TASK INSTRUCTIONS - The answer must reproduce the listing exactly, with every picture left out.

DATA SHOWN below:

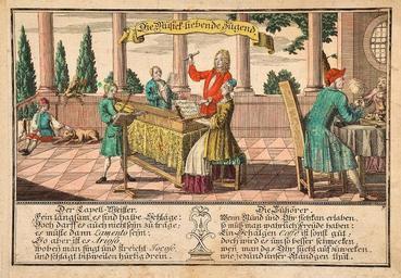 Keywords: Angenehme Bilderlust c1760 07.jpg Die Musick-liebende Jugend und Zuhörer ; Tafel aus Anganehme Bilder-Lust der lieben Jugend zur Ergötzung also eingerichtet Nürnberg Monath o J ca 1760 http //www zisska de/ Zisska Schauer ~ 1760 Creator Unknown <gallery> File Angenehme Bilderlust c1760 01 jpg File Angenehme Bilderlust c1760 05 jpg File Angenehme Bilderlust c1760 06 jpg File Angenehme Bilderlust c1760 07 jpg File Angenehme Bilderlust c1760 08 jpg File Angenehme Bilderlust c1760 12 jpg File Angenehme Bilderlust c1760 15 jpg File Angenehme Bilderlust c1760 21 jpg File Angenehme Bilderlust c1760 23 jpg </gallery> PD-old-100 Images from Zisska Schauer 1760s engravings Chamber music in art Audiences Coffee in art
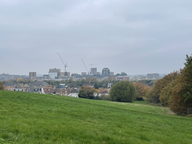It was yet another murky day, and cold enough to keep my London Marathon consolation jacket for most of the way around. On the plus side, the views from the tops of these hills were far-reaching, across a good chunk of northwest London all the way to Harrow on the Hill, and Wembley Stadium.
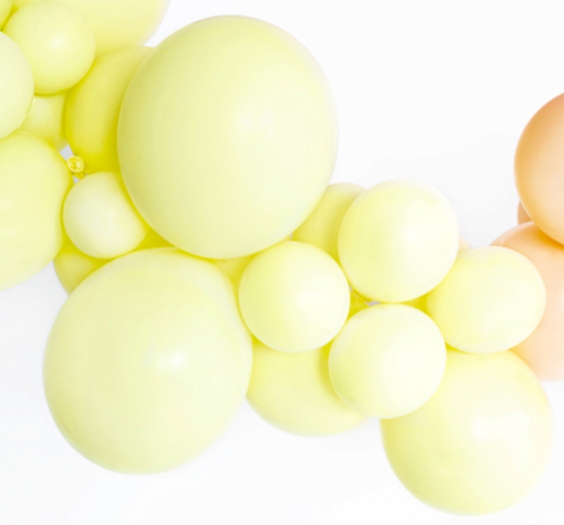 • 1 x balon lateksowy w kolorze pastel lemon, rozmiar 27 cm z helem + wstążka ~1,5 m.
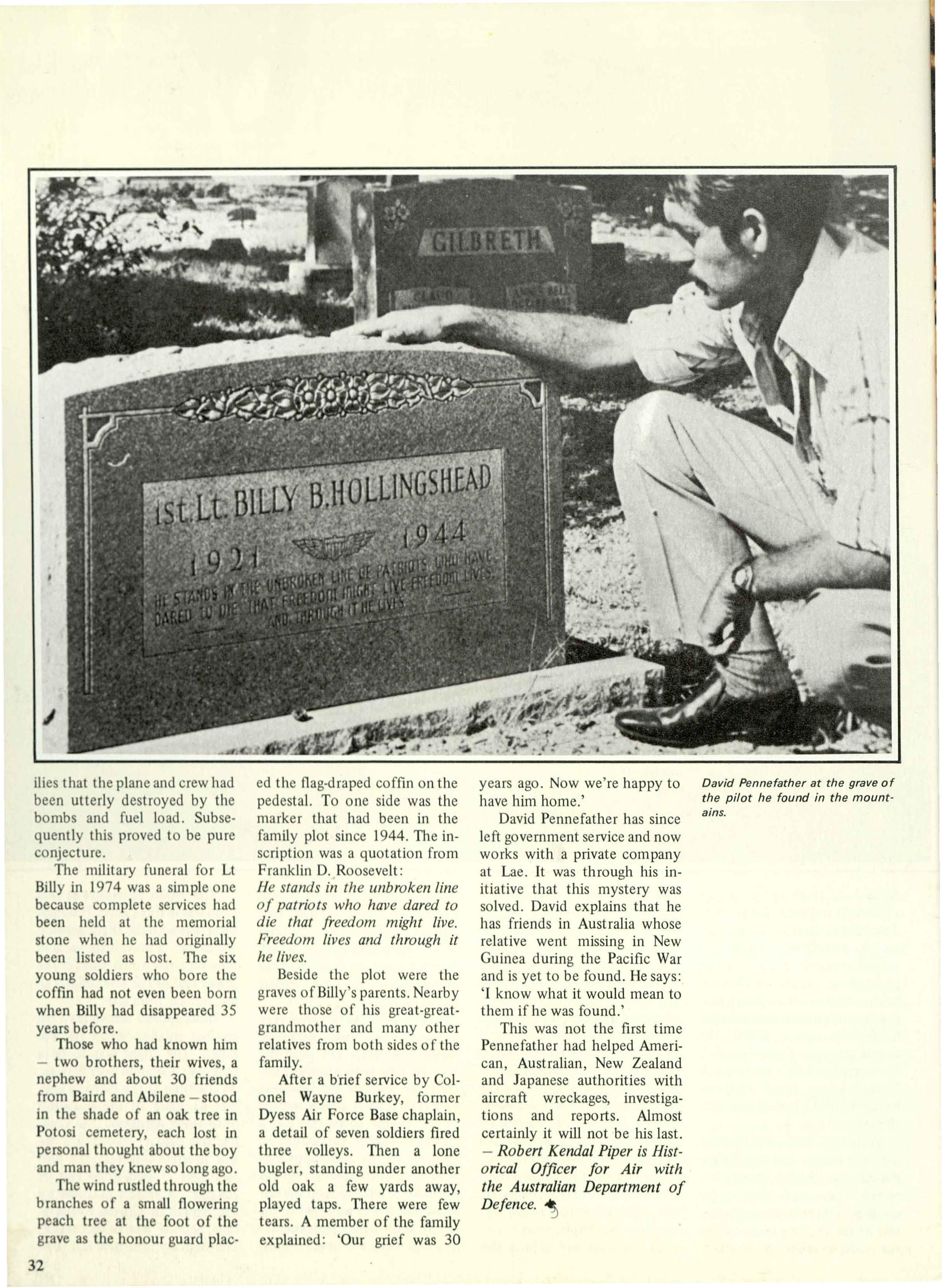 Details of the aircraft, pilot's name and the town from which he came were obtained by Pennefather from the Albert F. Simpson Historical Research Center (USAF) in the United States. Records listed the pilot as Lieutenant Billy B. Hollingshead of Baird, Texas. The gunner was identified as Staff Sergeant Leonard H. Tilder but there was nothing in the records to say where he came from.

End of DATA SHOWN.

REPLY -
 Keywords: Angenehme Bilderlust c1760 07.jpg Die Musick-liebende Jugend und Zuhörer ; Tafel aus Anganehme Bilder-Lust der lieben Jugend zur Ergötzung also eingerichtet Nürnberg Monath o J ca 1760 http //www zisska de/ Zisska Schauer ~ 1760 Creator Unknown <gallery> File Angenehme Bilderlust c1760 01 jpg File Angenehme Bilderlust c1760 05 jpg File Angenehme Bilderlust c1760 06 jpg File Angenehme Bilderlust c1760 07 jpg File Angenehme Bilderlust c1760 08 jpg File Angenehme Bilderlust c1760 12 jpg File Angenehme Bilderlust c1760 15 jpg File Angenehme Bilderlust c1760 21 jpg File Angenehme Bilderlust c1760 23 jpg </gallery> PD-old-100 Images from Zisska Schauer 1760s engravings Chamber music in art Audiences Coffee in art
It was yet another murky day, and cold enough to keep my London Marathon consolation jacket for most of the way around. On the plus side, the views from the tops of these hills were far-reaching, across a good chunk of northwest London all the way to Harrow on the Hill, and Wembley Stadium.
 • 1 x balon lateksowy w kolorze pastel lemon, rozmiar 27 cm z helem + wstążka ~1,5 m.
 Details of the aircraft, pilot's name and the town from which he came were obtained by Pennefather from the Albert F. Simpson Historical Research Center (USAF) in the United States. Records listed the pilot as Lieutenant Billy B. Hollingshead of Baird, Texas. The gunner was identified as Staff Sergeant Leonard H. Tilder but there was nothing in the records to say where he came from.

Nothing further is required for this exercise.